Шли минуты. Анника и Бейби тихо разговаривали, передавая куклу из рук в руки, и когда Анника в очередной раз посмотрела на Бака, она, к своему разочарованию, увидела, что он уже снова сидит у стола, повернувшись таким образом, что его выбритое лицо, скрытое длинными вьющимися волосами, ей не видно. Бак был занят починкой снегоступов – вплетал тоненькие веточки ясеня в каркас в форме медвежьей лапы и связывал их полосками кожи. Должно быть, он заметил, что она сидит на его кровати, но никак на это не прореагировал. Не зная, стоит ли ей привлекать к себе внимание, Анника продолжала развлекать Бейби.

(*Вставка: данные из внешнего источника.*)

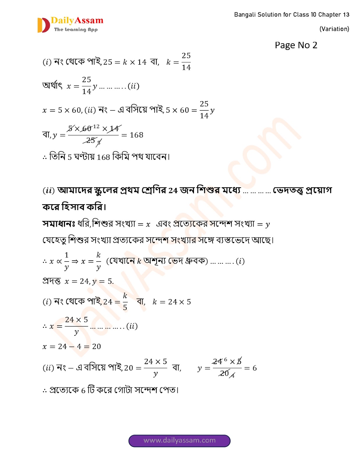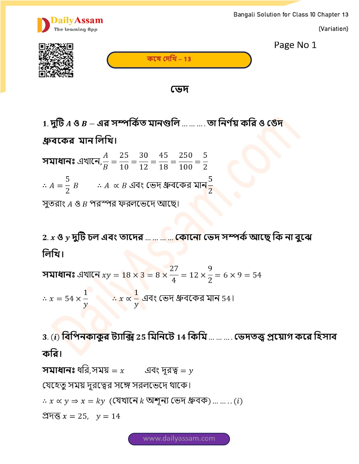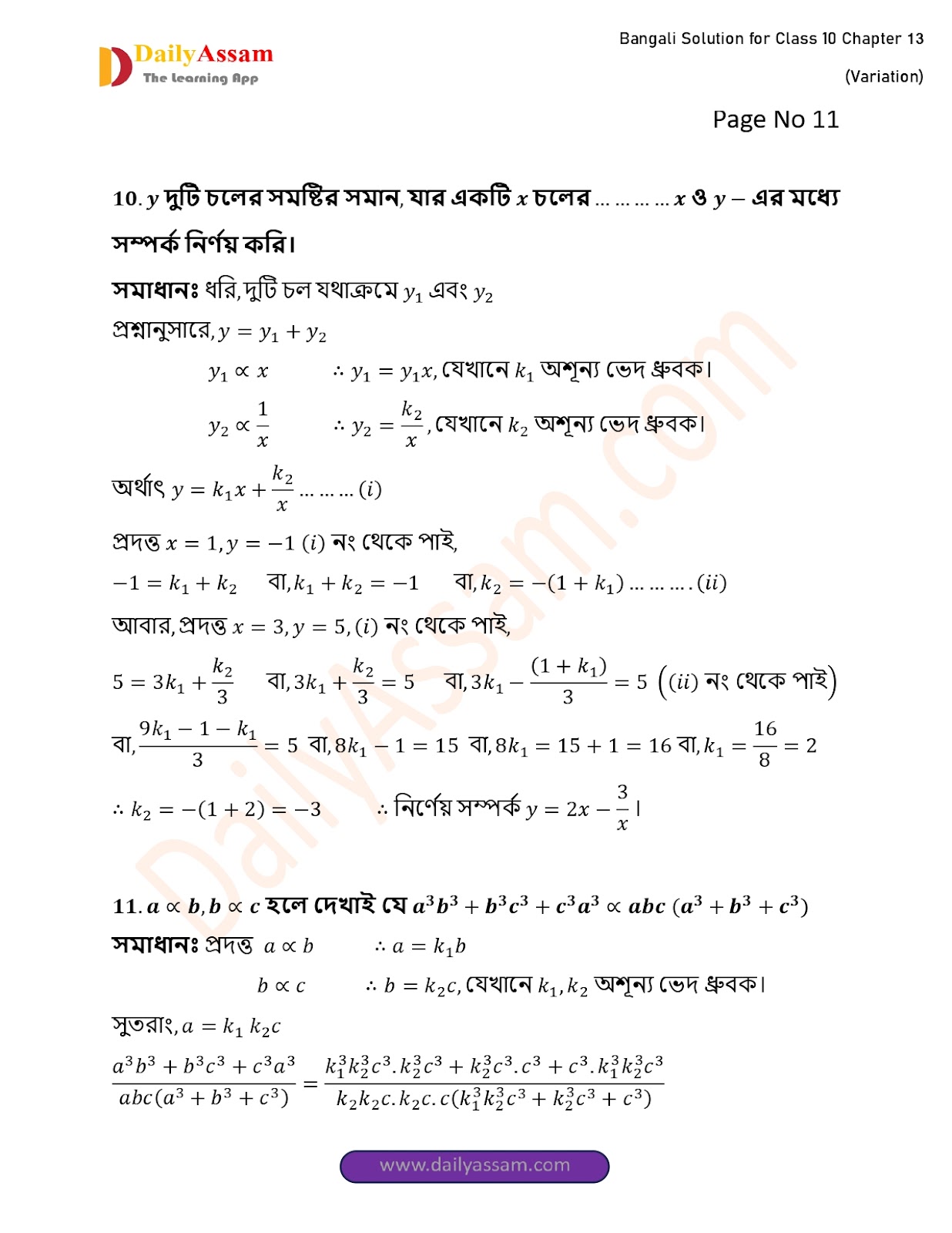 WBBSE Class 10 Mathematics Chapter 13 Solution | West Bengal Class 10 Mathematics Chapter 13 ভেদ (Variation) Answer | 2025 - 2026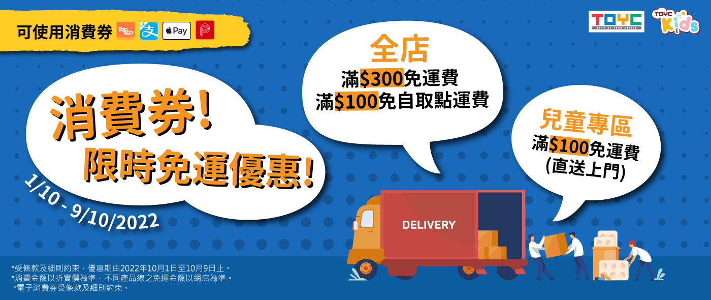 今日派發消費券$3000!全店免運費優惠,由2022年10月1日至9日,凡於TOYC消費滿指定金額即免運費。優惠期間限定,切勿錯過!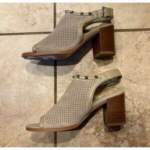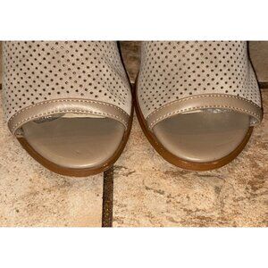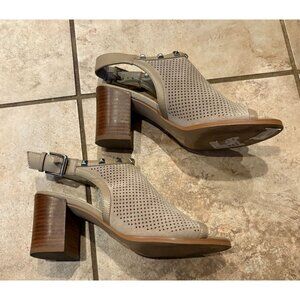 Marc Fisher Parso Suede Studded Wood Block Heel Slingback Taupe Sandals 6.5M

Однако спустя некоторое время недостаток сна ночью и ощущение тепла от одеял из шкур, в которые она завернулась, как в мягкий кокон, сыграли свою роль – Анника почувствовала ужасную сонливость. Она усиленно таращила глаза, наблюдая за Бейби, которая бормотала какой-то вздор своей кукле, то заворачивая, то разворачивая ее, а потом принялась разглядывать свои новые ботинки и носки. В конце концов сон одолел Аннику. Не заботясь больше о том, что подумает Бак, она перестала бороться со сном и крепко заснула.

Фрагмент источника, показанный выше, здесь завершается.